[[ Task input open ]]
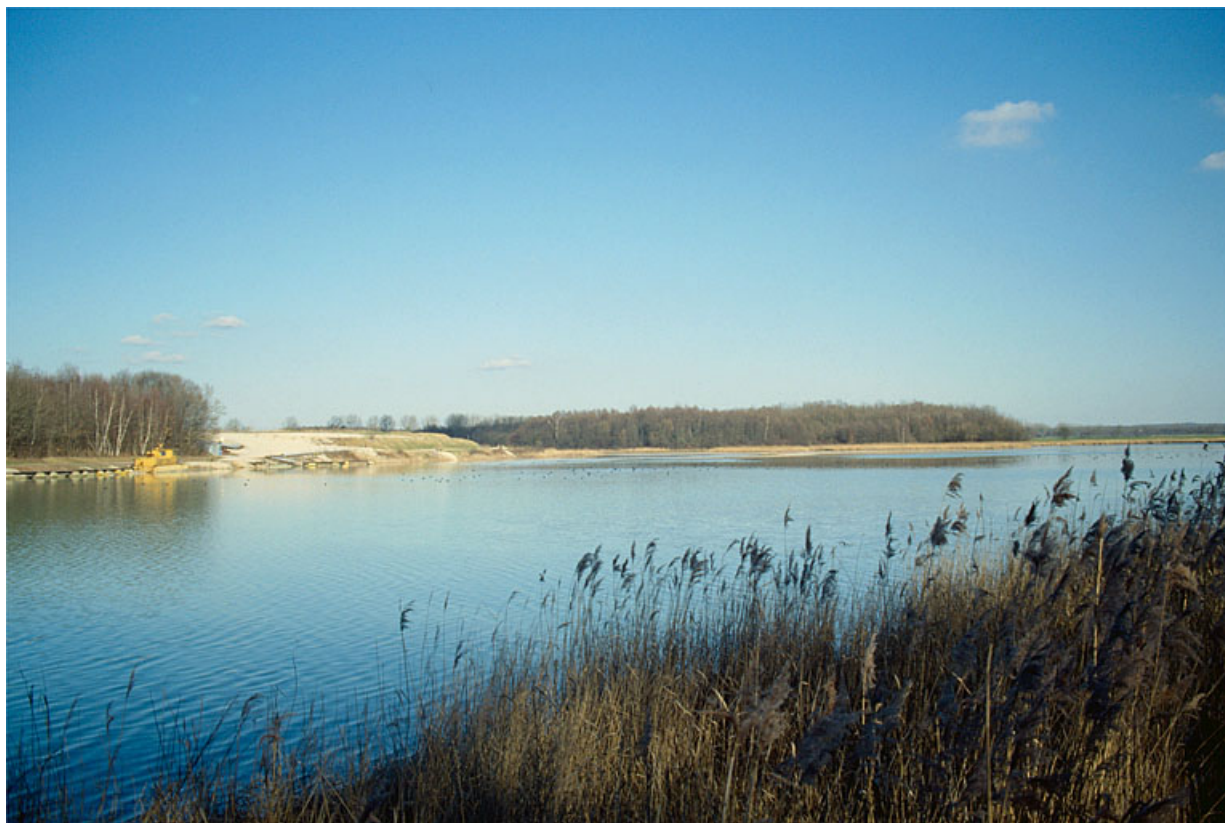
Etang de l'Aillon vu du sud-ouest.
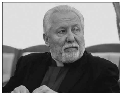
Начальствующий епископ Сергей Ряховский

6 апреля 2023 года Президент РФ Владимир Путин подписал Указ «Об утверждении членов Общественной палаты Российской Федерации. Начальствующий епископ Российского объединенного Союза христиан веры евангельской (пятидесятников) Сергей Ряховский вошел в число 40 человек, выдвинутых Президентом.
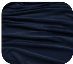
#22912696 | DRY FLEX MARINHO
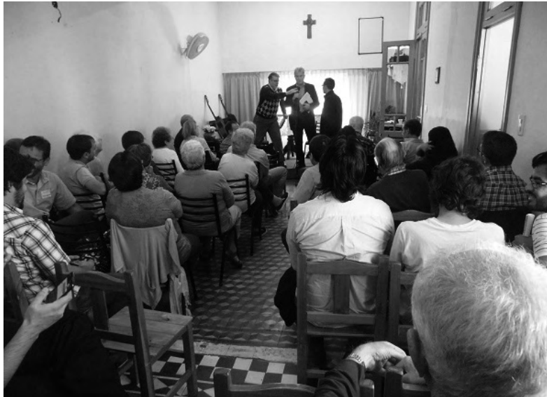
Reunión de Presbiterio
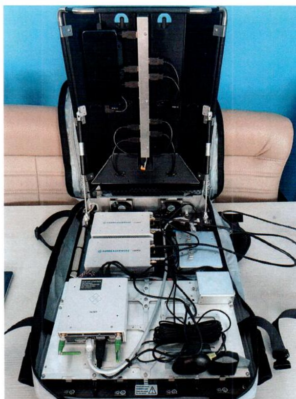
Рисунок 1.1 – Фотографии общего вида носимого измерительного комплекса для анализа параметров качества обслуживания сетей связи R&S Freerider 4 № NCM40100984
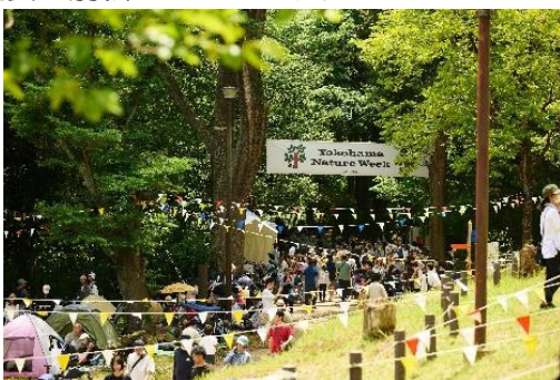
「Yokohama Nature Week 2023」開催時の様子
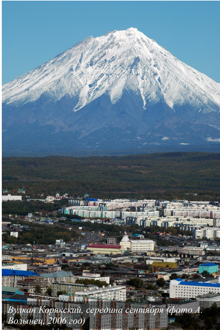
Вулкан Корякский, середина сентября (фото А. Вольнец, 2006 год)
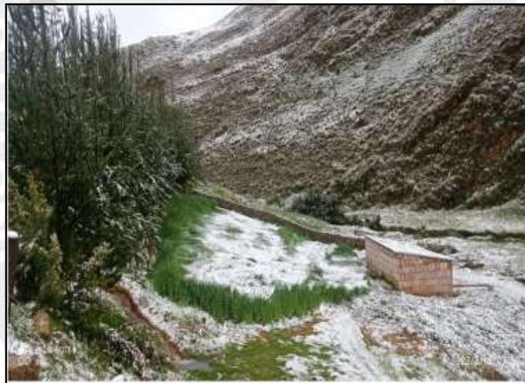
Personas y cultivos afectados por las granizadas
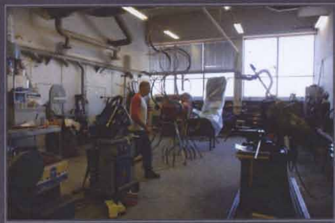
2. HYR ATELJÉ OCH ARBETA MED UNIKA FÖRUTSÄTTNINGAR
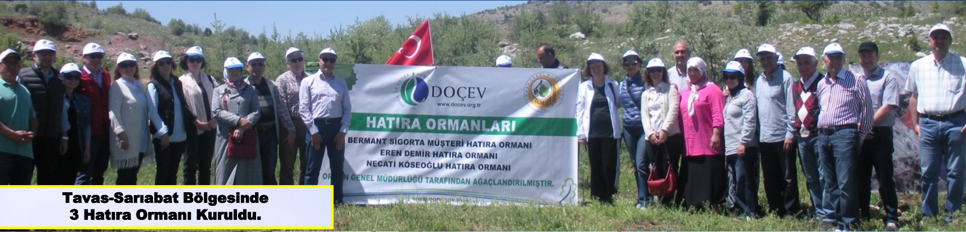
Tavas-Sarıabat Bölgesinde 3 Hatıra Ormanı Kuruldu.
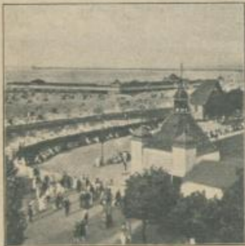
Seebad Swinemünde: Vor dem Kurhaus
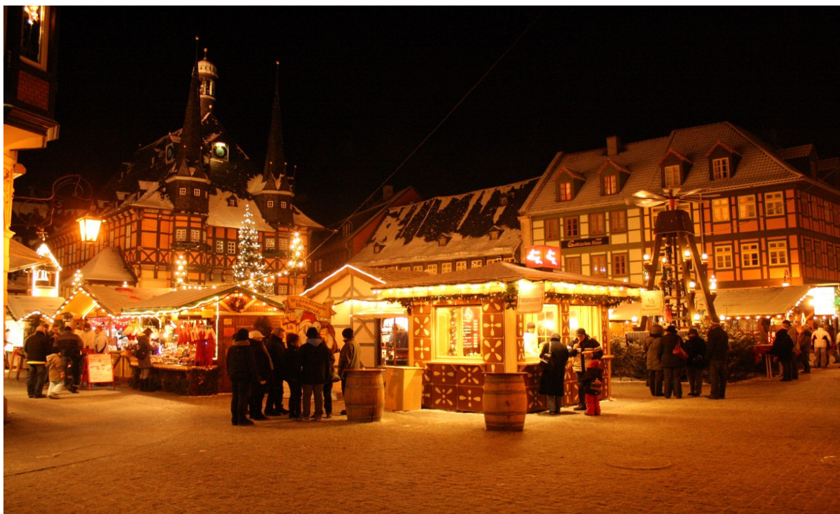
Weihnachtsmarkt Wernigerode

Besuchen Sie den Harz mit seinen bekannten und romantischen Weihnachtsmärkten und stimmen Sie sich auf die Vorweihnachtszeit ein. Mit seinen verträumten Tälern und weiträumigen Hochflächen, den rauschenden Bergflüssen und schroffen Felsklippen, ist das Mittelgebirge im Herzen Deutschlands zu allen Jahreszeiten vom Hauch letzter Geheimnisse umwittert. Den besonderen Charme der winterlichen Landschaft erleben Sie hautnah bei einer nostalgischen Dampffahrt mit der Harzer Schmalspurbahn . Darüber hinaus bietet die Region in großer Zahl kulturelle Schätze und historisches Erbe, bewahrt in turmbewehrten Fachwerkstädten. Sie besuchen Goslar mit der Kaiserpfalz, besichtigen den imposanten Dom in Halberstadt und spazieren durch Quedlinburg mit der Stiftskirche und der neu eröffneten Lyonel-Feininger-Galerie . Standort Ihrer erlebnisreichen Adventsreise ist ein stilvolles 4-Sterne-Superior-Hotel im Zentrum der lieblichen Fachwerkstadt Wernigerode .
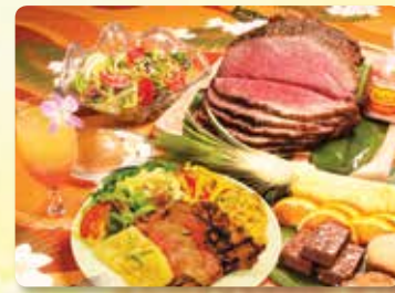
로스트 비프 뷔페 저녁식사와 스타 시그너처 마이 타이 한잔
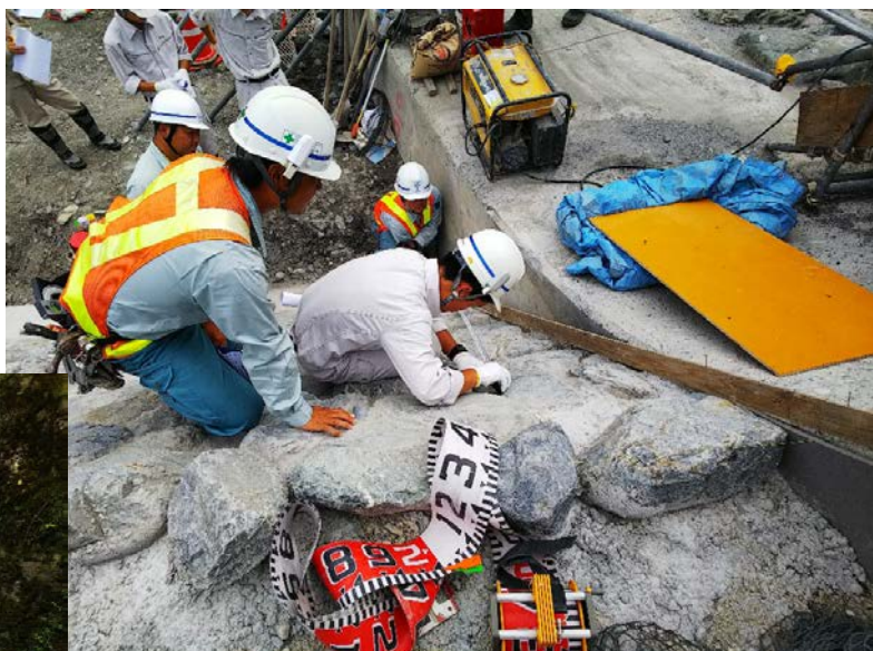
↑砂防工事現場監督実習
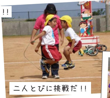
二人とびに挑戦だ!!
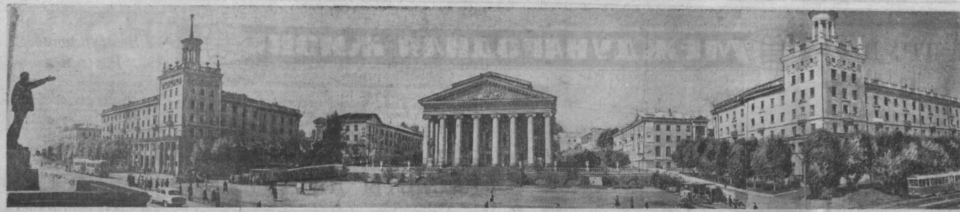
Растет и хорошеет город шахтеров — Прокопьевск. На этом снимке вы видите Театральную площадь.
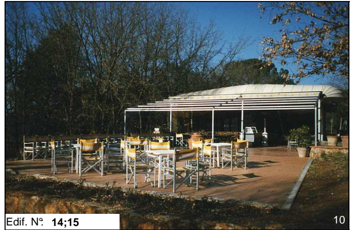
Edif. N° 14;15
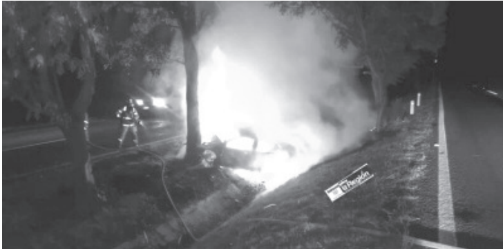
Dos personas fallecieron calcinadas luego de que el vehículo en el que viajaban se accidentó y ardió en llamas a la orilla de la carretera Morelia-Pátzcuaro.

Los agentes y peritos criminalistas de la Unidad de Atención Inmediata se encargaron de las investigaciones correspondientes y trasladaron los cadáveres a la morgue. La identidad de los finados es desconocida.
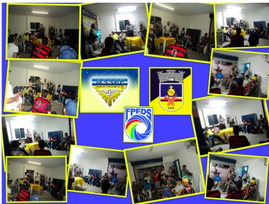
Reunião com diretores e atletas da ASSPE e ASO sobre Campeonato de Futsal da LINEDS
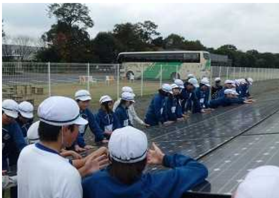
⑪ 車両借上料 ○5 学年：太陽光発電の見学 (27. 9. 11)
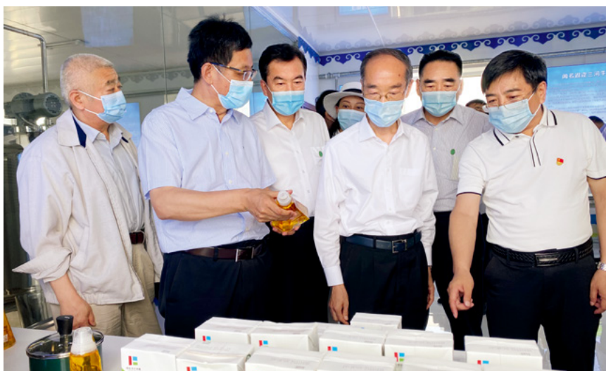
全国人大常委会副委员长万鄂湘(右三)率全国人大常委会畜牧法执法检查组在内蒙古呼伦贝尔农垦集团谢尔塔拉农牧场开展执法检查。
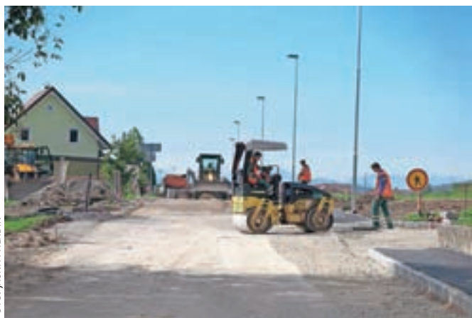
Obnova odseka ceste skozi Podgorje se bliža koncu.

Podgorje – Prometnih zastojev zaradi obnove ceste skozi Podgorje kmalu ne bo več, saj se dela bližajo koncu. Občina Kamnik namreč obvešča, da bo še danes in jutri, 5. in 6. oktobra, zaradi asfaltiranja veljala sprememba prometnega režima, in sicer popolna zapora lokalne ceste Podgorje-Kamnik. Obvoz bo v tem času urejen po Ljubljanski cesti in obvoznici. J. P.
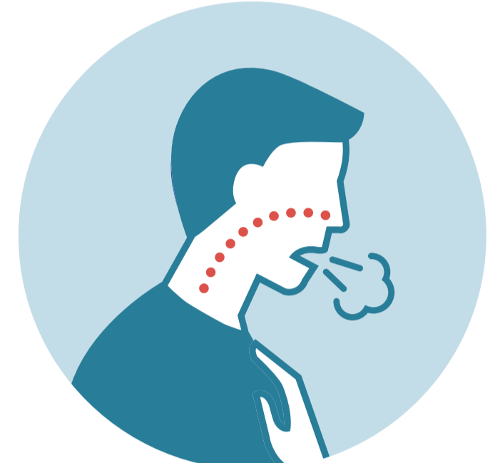
Sensación de falta de aire
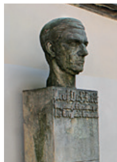
Busta MUDr. Arlta před kostelem Nanebevzetí Panny Marie

Vychodil obecnou školu v Novosedlicích, absolvoval gymnázium v Lito-měřicích a vystudoval lékařskou fakultu v Praze. V roce 1849 se stal profesorem Karlovy univerzity. Od roku 1856 působil na univerzitě ve Vídni. Napsal řadu vědeckých studií, spoluvydával odborný časopis o oftalmologii a proslavil se skvěle prováděnými operacemi šedého zákalu a úspěšnou léčbou šilhavosti. Za své zásluhy byl povýšen do šlechtického stavu s přídomkem „von Bergschmied“, který odkazuje na jeho původ z rodiny důlního kováře.
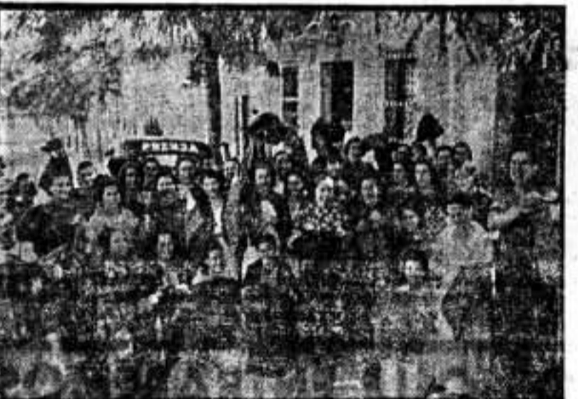
Satisfechas de su obra, muestran los jerseys que pronto servirán de abrigo a un buen número de hermanos del frente.
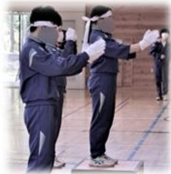
【評議・生活委員による応援】
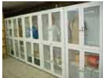
سالن مانکن پراتیک تخصصی دانشکده

آدرس سایت پوای دانشکده پیراپزشکی : http://www.pmd.mshdiau.ac.ir
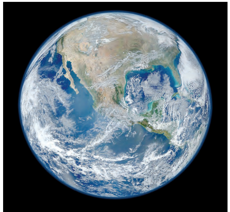
Bolygónkról készült felvétel a világűrből
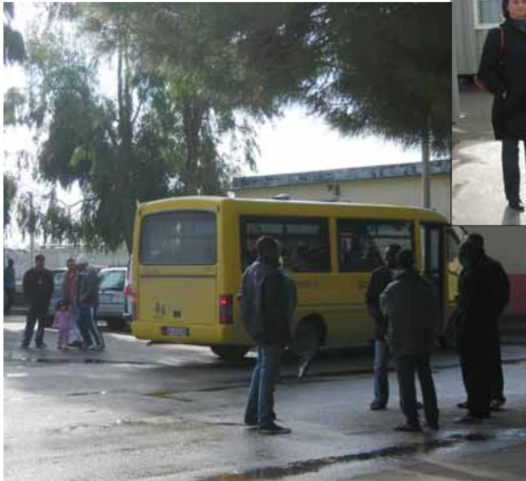
In alto la scolaresca e il pulmino all'arrivo nello spiazzale del Cda
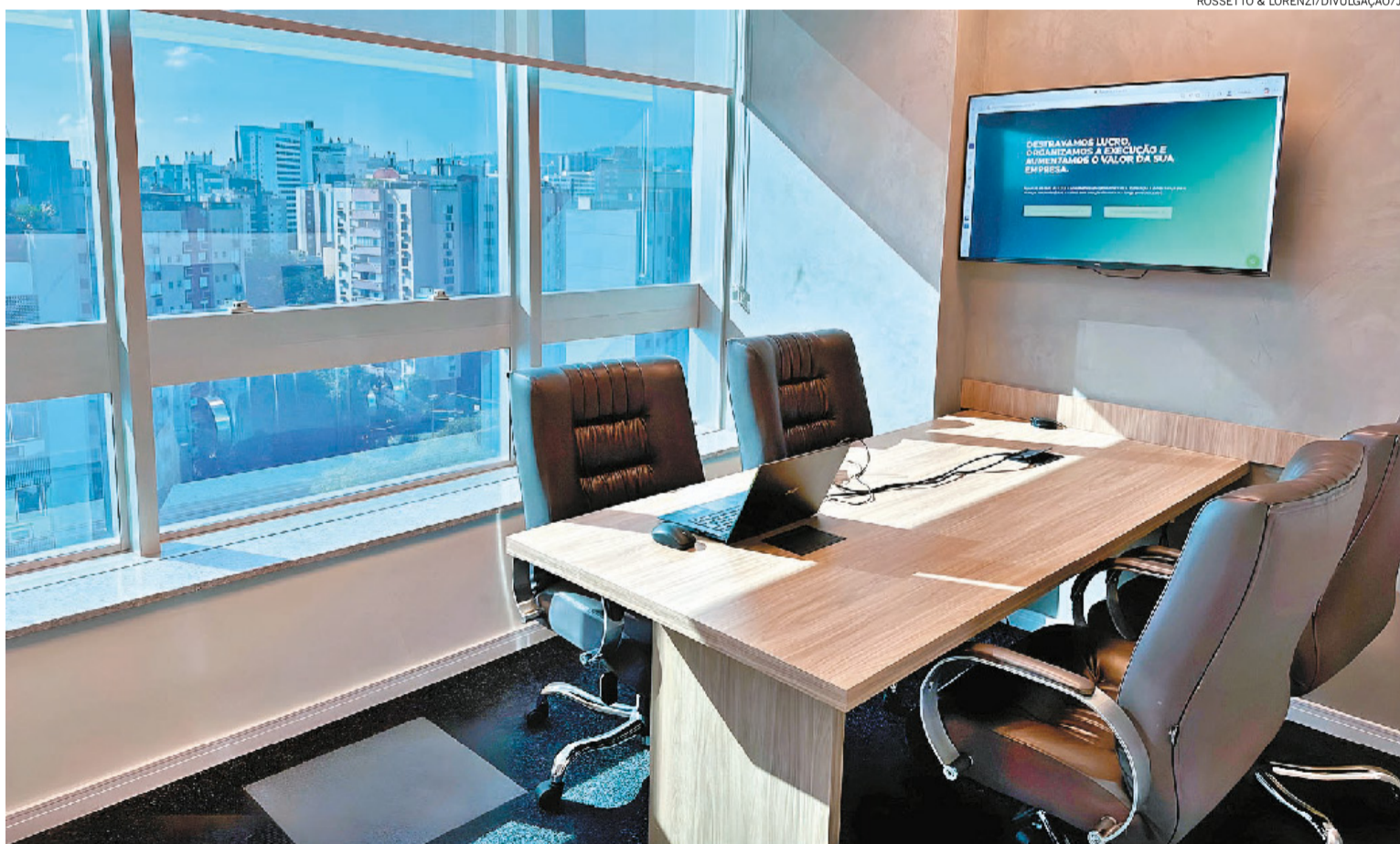
Atendimentos se concentram em empresas em reestruturação financeira, em fase de crescimento acelerado e nas já consolidadas, mas com baixa rentabilidade
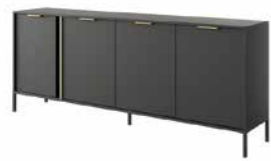
E komoda 203 4d 202,9 / 81,4 / 39,5 cm → ↑ ↘
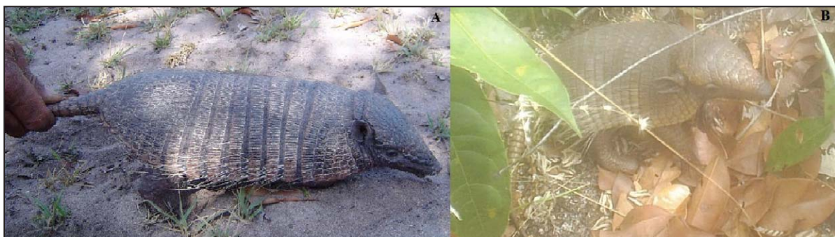
Figura 2. Exemplos de E. sexcinctus observados no PEMA: A. indivíduo observado nas proximidades da Mata da Ilha Grande; B. indivíduo observado nas proximidades da Serra do Ererê.
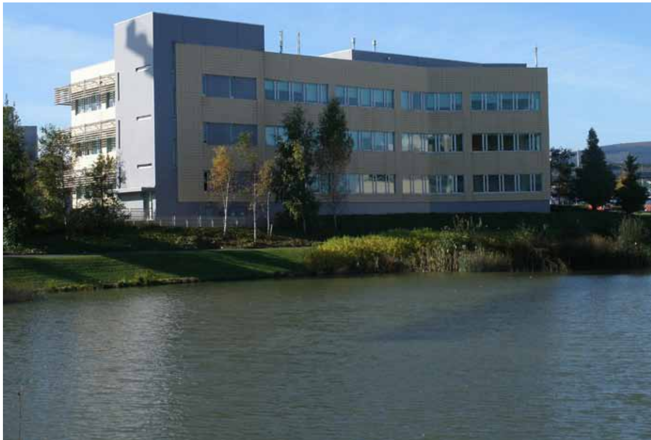
Páirc Eolaíochta & Teicneolaíochta Choill na Silíní
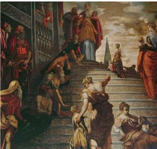
Tintoretto Presentazione della Vergine al tempio, Madonna dell'Orto

2 Tintoretto: visita alla chiesa di Madonna dell'Orto, dove si ammira ancor oggi uno dei cicli più famosi di Jacopo Tintoretto, che aveva la sua bottega nelle vicinanze e che fu sepolto all'interno della chiesa. Visita alla chiesa di San Felice dove si conserva una sua opera giovanile.
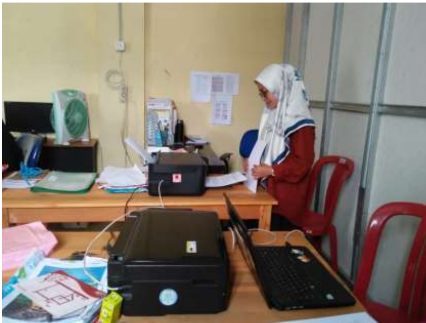
Gambar 6. Membantu rint soal PTS
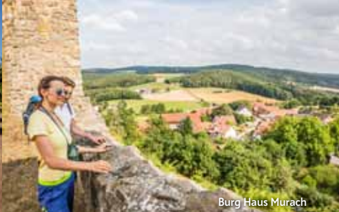
Burg Haus Murach
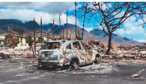
野火烧毁的建筑和汽车残骸。

美国夏威夷毛伊岛野火灾区失联人员搜寻工作仍在进行,在灾难中失去房屋的不少居民已收到地产机构的问询——有意从灾民手中收购地皮。
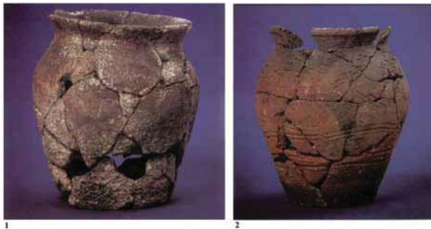
Slika 7 - 1. keramički lonac nađen desno od nogu pokojnika; 2. keramički lonac nađen kraj leve podlaktice pokojnika (S. Milutinović)

Oba lončića su veoma loše izrade, počevši od kvaliteta gline, neprečišćene, sa zrcima krečnjaka, preko lošeg, neujednačenog pečenja, do nemarno izvedenog ukrasa. Analogni primerici iz istočne Srbije datuju se od kraja 6. do kraja 8. veka, ali najčešće u 7. vek, dok se ovaj tip grnčarije u srednjoj i jugoistočnoj Evropi opredeljuje u srednjoavarski i
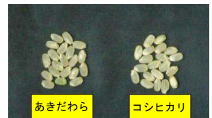
図2. 「あきだわら」の玄米
[[ Task input closed ]]
__Problem to work on__. Look through the records and give only the number of lines where the string "Начальствующий" appears.

__Answer for this exercise__. 2